MANILA, Philippines — The Department of Budget and Management (DBM) said there is a need to raise the 15 percent limit on advance payments for the procurement of COVID-19 vaccines.
In a statement, Budget Secretary Wendel Avisado said easing the limitation would ensure the timely and efficient implementation of the government’s COVID-19 vaccination program.
Avisado said the authority, which allows the advance payment of up to 15 percent, is provided under DBM Memorandum Order 172. This ceiling is applicable in exceptional cases, such as the procurement of goods during a state of calamity.
However, the government is experiencing difficulties in negotiating with various pharmaceutical firms due to the limitations.
“What pharmaceutical industries want is for you to pay in advance before delivery. In other words, rich countries will really beat us,” he said.
Avisado also called for patience from the public as the government cannot divulge specific details on its negotiations with vaccine makers, such as prices and the modes of delivery, due to confidentiality agreements.
He assured the public that all transactions made by the government remain “legitimate and honest.”
The budget chief said the government is also committed to ensure the safe and timely procurement, transportation and administration of COVID-19 vaccines.
Avisado said the budget for the vaccines has been allocated and is now ready for release.
“The government has set aside P82.5 billion. Do not worry. Local government units are cooperating with us and they are also ready to buy as much as they can. We appreciate that very much,” Avisado said.
Meanwhile, DBM Assistant Secretary Rolando Toledo said in a text message that the agency is committed to expedite the release of funds to spur faster government spending, and to ensure that COVID-19 response and recovery programs remain unhampered.
This year, the DBM expects government spending to increase to P4.662 trillion, which is equivalent to 23.3 percent of gross domestic product.
Toledo said this growth would be driven by the combined impact of the timely passage of the 2021 General Appropriations Act (GAA) and the extension of the 2020 budget as well as the Bayanihan to Recover as One Act.
In the first month of the year, the DBM already released allotments amounting to P2.63 trillion, equivalent to 58.3 percent of the P4.506 trillion national budget for fiscal year 2021. This was 6.4 percent faster than the 51.9 percent allotment release rate recorded in the same month last year.
“With higher percentage of the budget already comprehensively released, the departments can already implement most of their projects for the benefit of our people and the economy,” Toledo said.
Data from the DBM also showed that the government has so far released P59.49 billion in additional funds under the Bayanihan 2 law. To date, almost all the allocated funds under the stimulus package have already been released to implementing agencies.
Michael Ricafort, chief economist at Rizal Commercial Banking Corp. (RCBC), said the faster release of allotments in January could signal faster implementation of projects this year.

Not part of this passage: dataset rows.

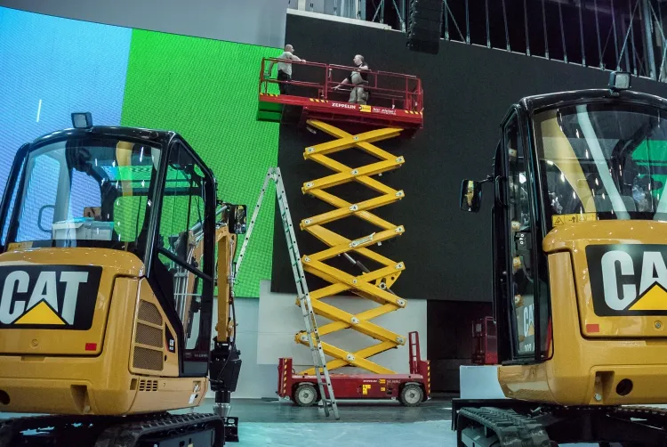 Die Gelenk-Teleskopbühnen von Zeppelin Rental wurden genau wie die batteriebetriebenen Scherenarbeitsbühnen in München für verschiedenste Arbeiten in der Höhe eingesetzt. Dazu gehörten der Aufbau und die Installation des Messe-Highlights, einer 388 Quadratmeter großen LED-Videowand bestehend aus 912 einzelnen LED-Screens, die Montage von Deckenleuchten und Segeln, Werbebannern, eines 14 Meter hohen Turms im Freigelände und vieles mehr. Trotz der starken Beanspruchung der Geräte und des herrschenden Termindrucks konnten alle Arbeiten dank der Zuverlässigkeit der Mietmaschinen ohne jegliche Ausfälle fristgerecht fertiggestellt werden.
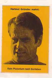 Der Lehrer Hartmut Gründler, 1971 Mitbegründer des Tübinger Bundes für Umweltschutz (BfU) und dann Gründer des Tübinger Arbeitskreises Lebensschutz , hatte das Erscheinen seiner Studie Kernenergiewerbung im Rowohlt Literaturmagazin 8 (Die Sprache des Großen Bruders) nicht mehr erleben können - einige Wochen zuvor, während des Hamburger SPD-Parteitages über die Atomenergiepolitik Mitte November 1977, hatte er anstelle eines geplanten erneuten Hungerstreiks die unumkehrbare Protestform der Selbstverbrennung gewählt, zum Entsetzen seiner Mitstreiter.
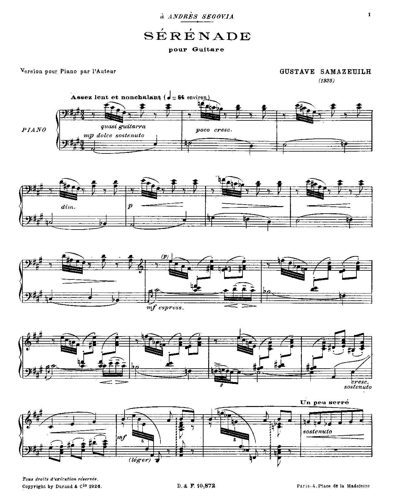 • The Sérénade was later used as the third movement in Samazeuilh's Esquisses for solo piano and requested to be played with the left hand only.
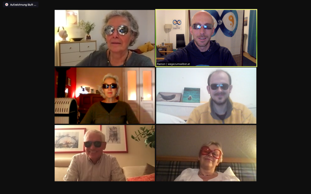 Die aktuelle Jahresgruppe nach der Meditation mit „Der Gewahrseinsbrille.“
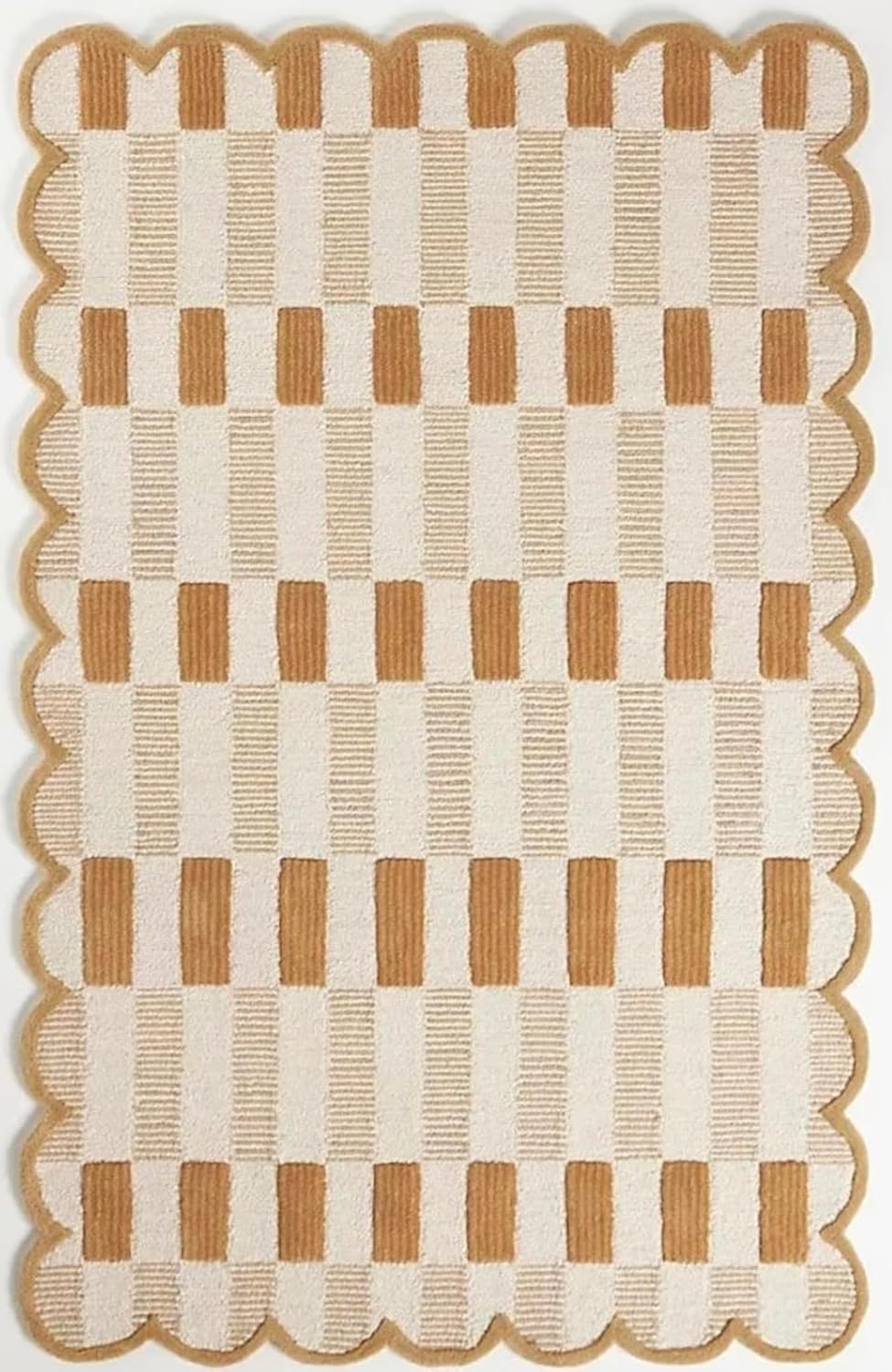Elevate your living space with the Matilda Goad Plaid Scallop Wool Hand Tufted Area Rug, a luxurious designer piece that exudes sophistication and warmth. Crafted from premium wool, this irregular-shaped rug boasts a captivating plaid pattern with scalloped edges, adding a touch of whimsy to any room. Hand-tufted with meticulous attention to detail, it offers exceptional quality and durability. Suitable for bedrooms, living rooms, or hallways, this rug effortlessly blends style and comfort, inviting you to sink your toes into its plush pile. Embrace the timeless allure of this Anro creation and transform your space into a cozy, inviting haven.

He said this could help further stimulate business activities and create more jobs for Filipinos, helping the country recover from the impact of the COVID-19 crisis.
Nicholas Mapa, senior economist at ING Bank, also said the speedy disbursement of funds would “ensure that the modest fiscal response would be maximized.”
Mapa, however, urged the DBM to release remaining funds carried over from the 2020 budget at the soonest, and frontload some of its spending to maximize the budget amid the economic downturn faced by the country due to COVID-19.